◆ **Requirement**
Below are the records; give again exactly the lines from the one containing "헤비 코튼 반팔 티셔츠" through the one containing "抵達哪個碼頭,都會立即感受到", leaving out pictures.

◆ **Data for this task**
—————

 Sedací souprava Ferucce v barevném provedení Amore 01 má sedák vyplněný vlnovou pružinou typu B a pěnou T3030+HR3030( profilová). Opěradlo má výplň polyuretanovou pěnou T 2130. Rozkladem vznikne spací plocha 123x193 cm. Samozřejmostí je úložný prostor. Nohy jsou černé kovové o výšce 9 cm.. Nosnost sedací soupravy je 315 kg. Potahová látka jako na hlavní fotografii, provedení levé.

—————

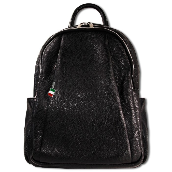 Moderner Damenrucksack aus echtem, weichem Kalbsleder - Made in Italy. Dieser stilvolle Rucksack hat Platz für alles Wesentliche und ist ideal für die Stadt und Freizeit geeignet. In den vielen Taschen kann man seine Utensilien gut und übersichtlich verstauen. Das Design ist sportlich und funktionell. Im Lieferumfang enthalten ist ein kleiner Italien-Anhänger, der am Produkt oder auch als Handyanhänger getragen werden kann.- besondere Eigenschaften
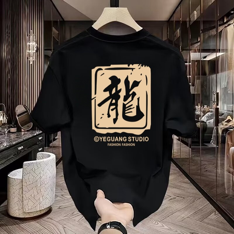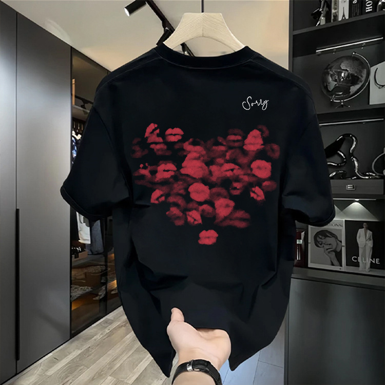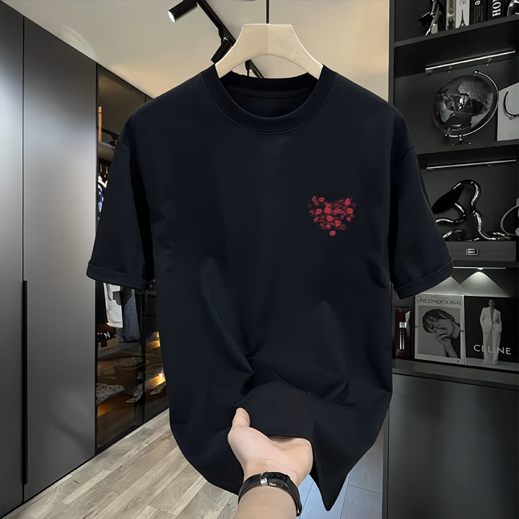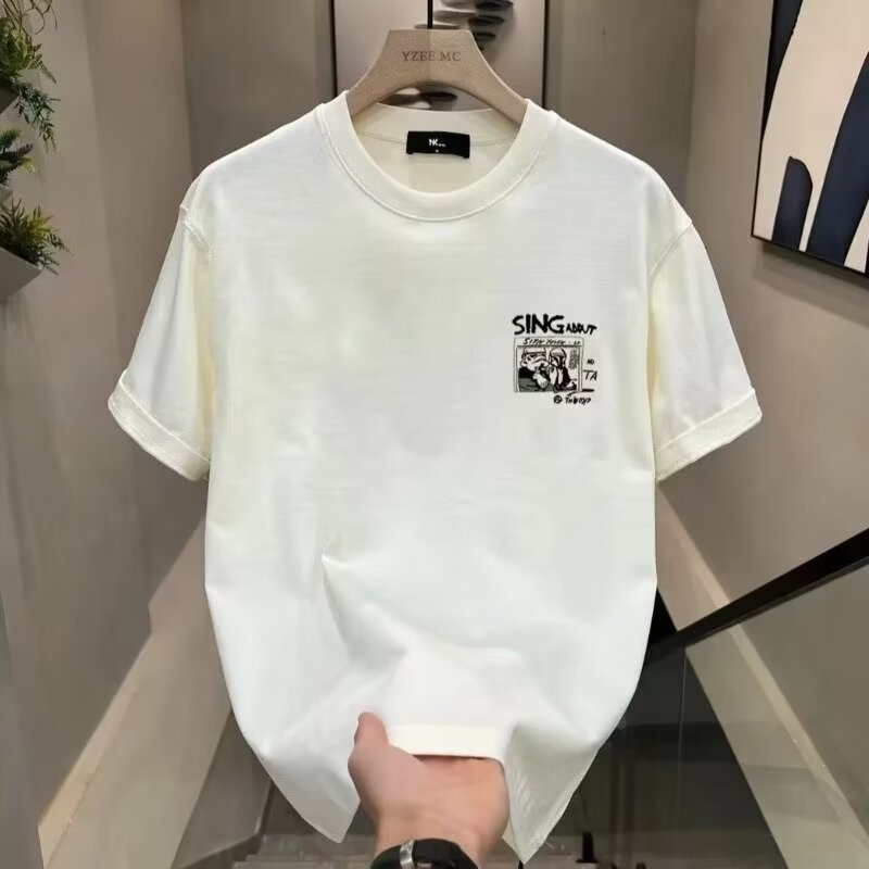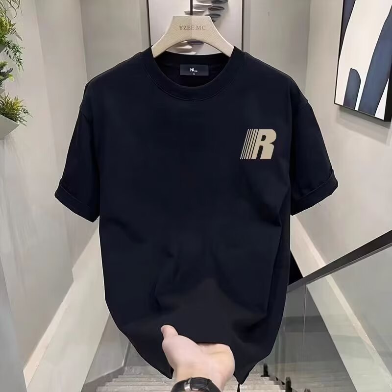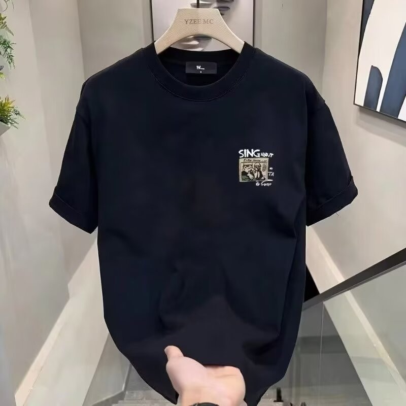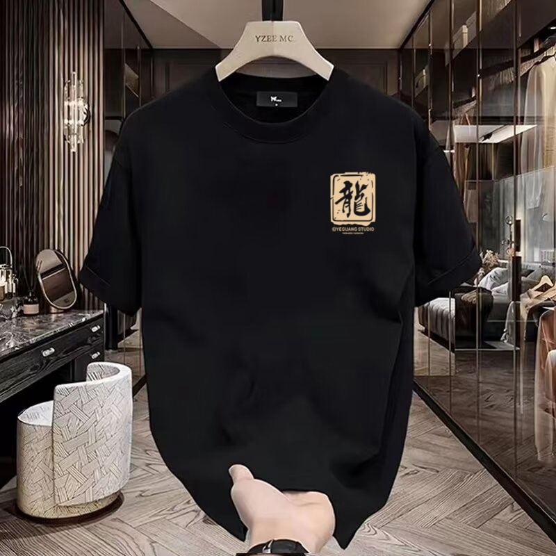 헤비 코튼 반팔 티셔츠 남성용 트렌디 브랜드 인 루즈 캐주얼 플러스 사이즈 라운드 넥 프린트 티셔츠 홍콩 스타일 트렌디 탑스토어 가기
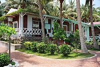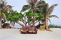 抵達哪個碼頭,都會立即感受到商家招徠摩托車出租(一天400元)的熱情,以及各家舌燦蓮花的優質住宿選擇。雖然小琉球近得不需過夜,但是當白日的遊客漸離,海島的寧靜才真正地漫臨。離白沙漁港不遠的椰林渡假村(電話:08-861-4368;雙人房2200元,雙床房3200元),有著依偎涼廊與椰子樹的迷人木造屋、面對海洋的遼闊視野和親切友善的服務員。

—————

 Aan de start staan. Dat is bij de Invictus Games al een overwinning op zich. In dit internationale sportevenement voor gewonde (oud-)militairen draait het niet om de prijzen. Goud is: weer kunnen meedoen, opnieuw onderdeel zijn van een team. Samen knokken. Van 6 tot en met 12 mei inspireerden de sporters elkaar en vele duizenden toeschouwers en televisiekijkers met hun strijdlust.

—————

◆ **Exercise result**
 헤비 코튼 반팔 티셔츠 남성용 트렌디 브랜드 인 루즈 캐주얼 플러스 사이즈 라운드 넥 프린트 티셔츠 홍콩 스타일 트렌디 탑스토어 가기
 抵達哪個碼頭,都會立即感受到商家招徠摩托車出租(一天400元)的熱情,以及各家舌燦蓮花的優質住宿選擇。雖然小琉球近得不需過夜,但是當白日的遊客漸離,海島的寧靜才真正地漫臨。離白沙漁港不遠的椰林渡假村(電話:08-861-4368;雙人房2200元,雙床房3200元),有著依偎涼廊與椰子樹的迷人木造屋、面對海洋的遼闊視野和親切友善的服務員。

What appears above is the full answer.